Trauma of the female genital tract fistulae
Genital tract fistulae may occur between the vagina or the uterus and any adjacent organ, but the most frequently encountered fistulae are between the bladder and vagina called vesico vaginal fistula or the rectum and vagina calledrecto vaginal fistula. Other types may occur, but are rare, and occasionally multiple fistulae may be found in the same woman.
Cause: In developing countries
· about 85% of fistulae follow an obstructed labour
· 15% surgery or radiation for gynecological conditions Obstetrical and surgical fistulae arise either immediately due to direct trauma, or 5 to 14 days after delivery or operation when the traumatized, ischaemic tissue sloughs. Fistulas following irradiation rarely appear until one or more years after treatment.

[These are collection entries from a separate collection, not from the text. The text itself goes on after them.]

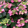 - Bold Lacecap blooms on bright burgundy stems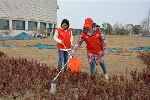 鄭州博物館新館室外景觀工程東側(cè)區(qū)域已初具形象,樹木成排、青草如茵、鮮花綻放。一段時間以來,由于個別參建單位對工人疏于管理,導(dǎo)致場地東側(cè)草坪上紙杯、塑料袋、飲料瓶隨處可見,嚴重影響了項目整體形象,也給景觀施工單位的成品保護工作造成極為不利影響。圍繞“不忘初心、牢記使命”主題教育活動的開展,項目部臨時黨支部號召項目部黨員職工以及所有參建單位現(xiàn)場負責(zé)人志愿清理現(xiàn)場生活垃圾。一方面,通過黨員干部帶頭志愿服務(wù)活動為景觀工程施工單位解決部分實際困難;另一方面通過號召和倡議,督促參建單位施工負責(zé)人約束管理好各自施工工人,杜絕向景觀施工現(xiàn)場拋灑生活垃圾,創(chuàng)造項目建設(shè)良好形象。
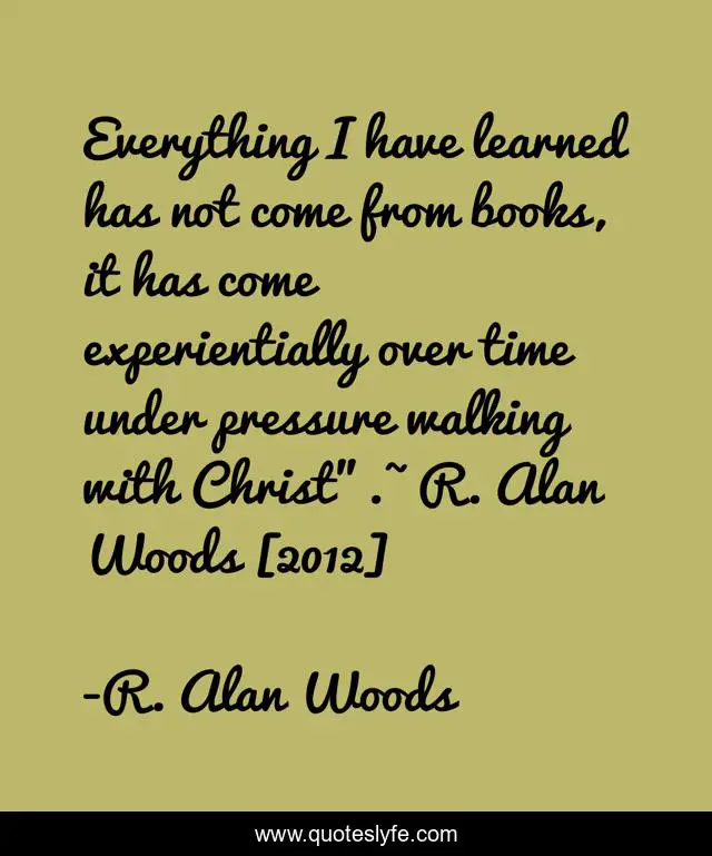 This page presents the quote "Everything I have learned has not come from books, it has come experientially over time under pressure walking with Christ".~ R. Alan Woods [2012]". Author of this quote is R. Alan Woods. This quote is about r-alan-woods, experientially, theology,.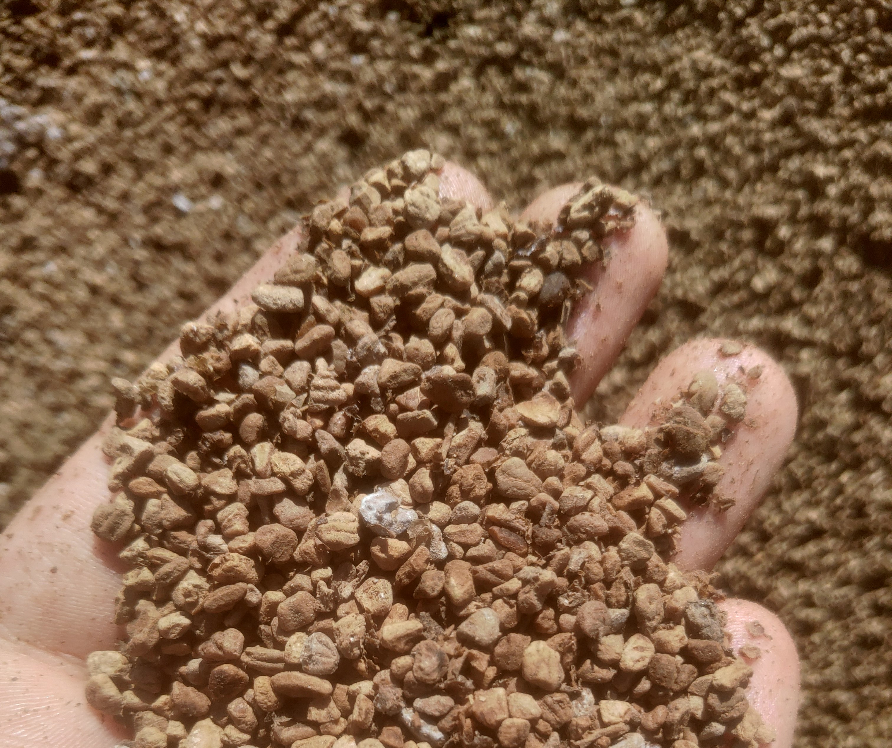 Zeytin çekirdeği, ekolojik pirinanın elekle ayrıştırılmasından elde edilir.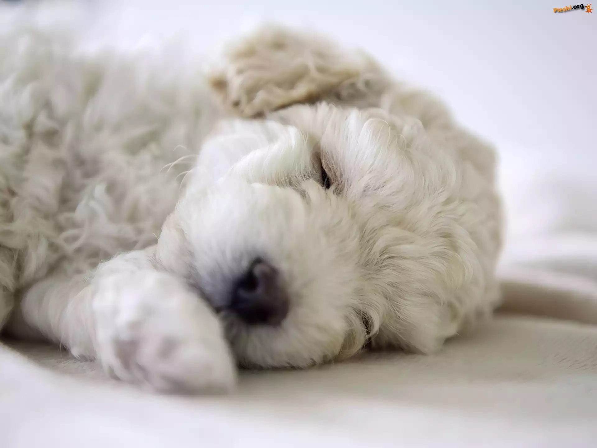 Szczeniak, Biały, Śpiący, Pudel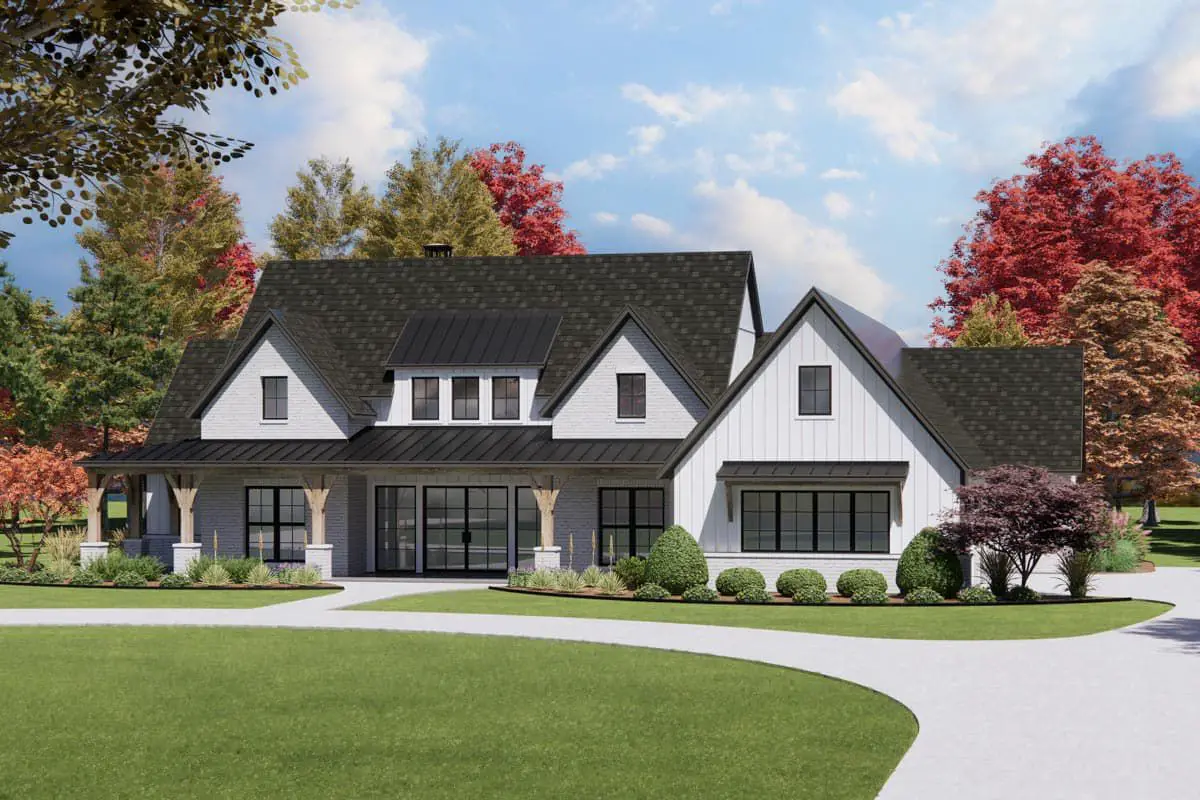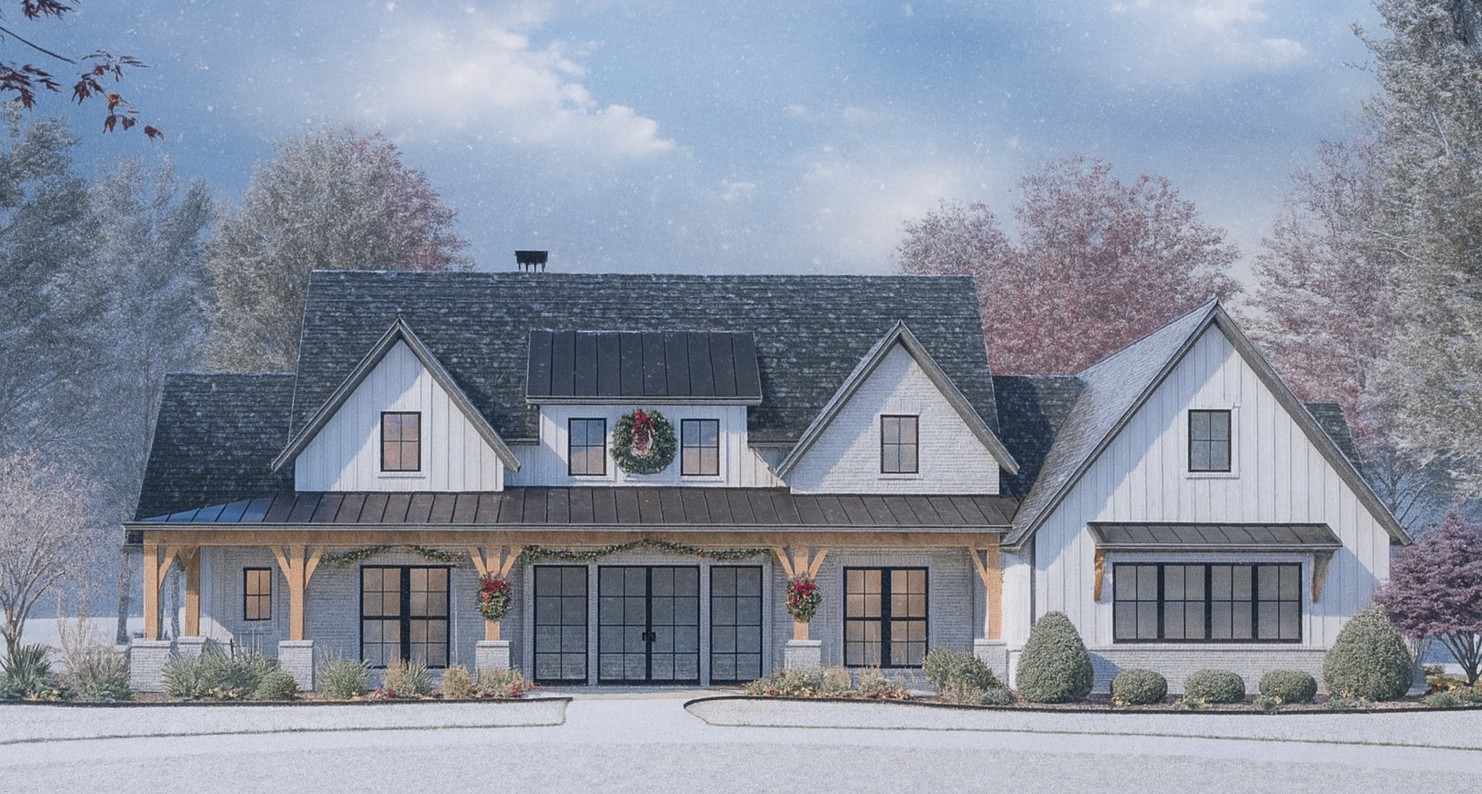 This modern-farmhouse plan provides ~ 3,254 sq ft of living space, with 4 bedrooms, 4 full baths + 1 half bath, a 3-car garage, a home office, and direct laundry access from the master suite — a blend of comfort, convenience, and flexibility.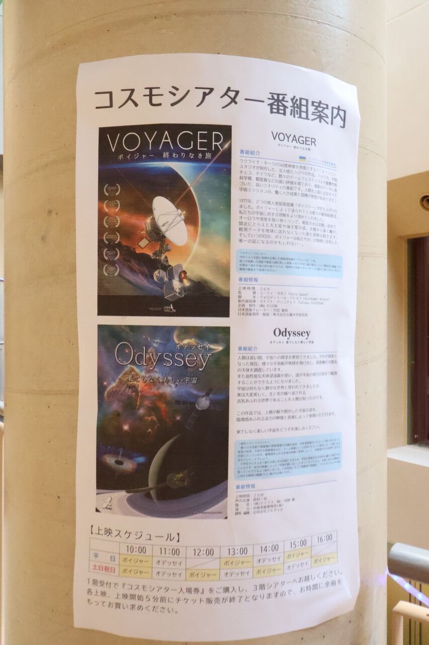 パパ「あとこの施設で特にすごいのがコスモシアター!プラネタリウムのドームスクリ-ンで宇宙に関する動画が上映されるんやけど、目の前いっぱいに広がる宇宙の映像はめちゃくちゃ壮大!」

· In vesico vaginal fistulae
- the patient complains incontinence of urine
- urinary incontinency is continuous night and day
- If the fistula is large, the defect can be seen, but pin point fistulae may require special tests for diagnosis. One such special test is to place three cotton wool swabs in the vagina, one above the other, and to run methyl lene blue dye into the bladder.
- if only the lowest swab stains the fistula is urethral
- if the middle swab stains, it is vesical
- if no swab stains but the upper most swab is wet, the fistula is ureterial.
- In recto vaginal fistulae
- The patient complain incontinence of faeces
· May be obvious or extremely difficult to identify, and photocopy or the introduction of dyes may be required.
The treatment of all fistulae, except small fistulae which have formed recently following child birth or operation, is surgical. Some recently formed vesico vaginal fistulae will heal if the bladder is drained continuously for 21 to 28 days and some recto vaginal fistulae will heal if a low residue diet is given for the some period. Most fistulae require operation.
· the fibrosed edges of the fistulous tract must be excised so that well vascularized viable tissue may be brought in to apposition
· the apposition must be effected with out tension on the apposed edges
· The tissues must not be placed under tension for at least 3 weeks (this principle implies constant bladder drainage in cases of vesicovaginal fistulae)
· The best results are obtained if fistulae are treated in special units, where experience in the operative technique and, more important, the meticulous postoperative management of the case can be offered.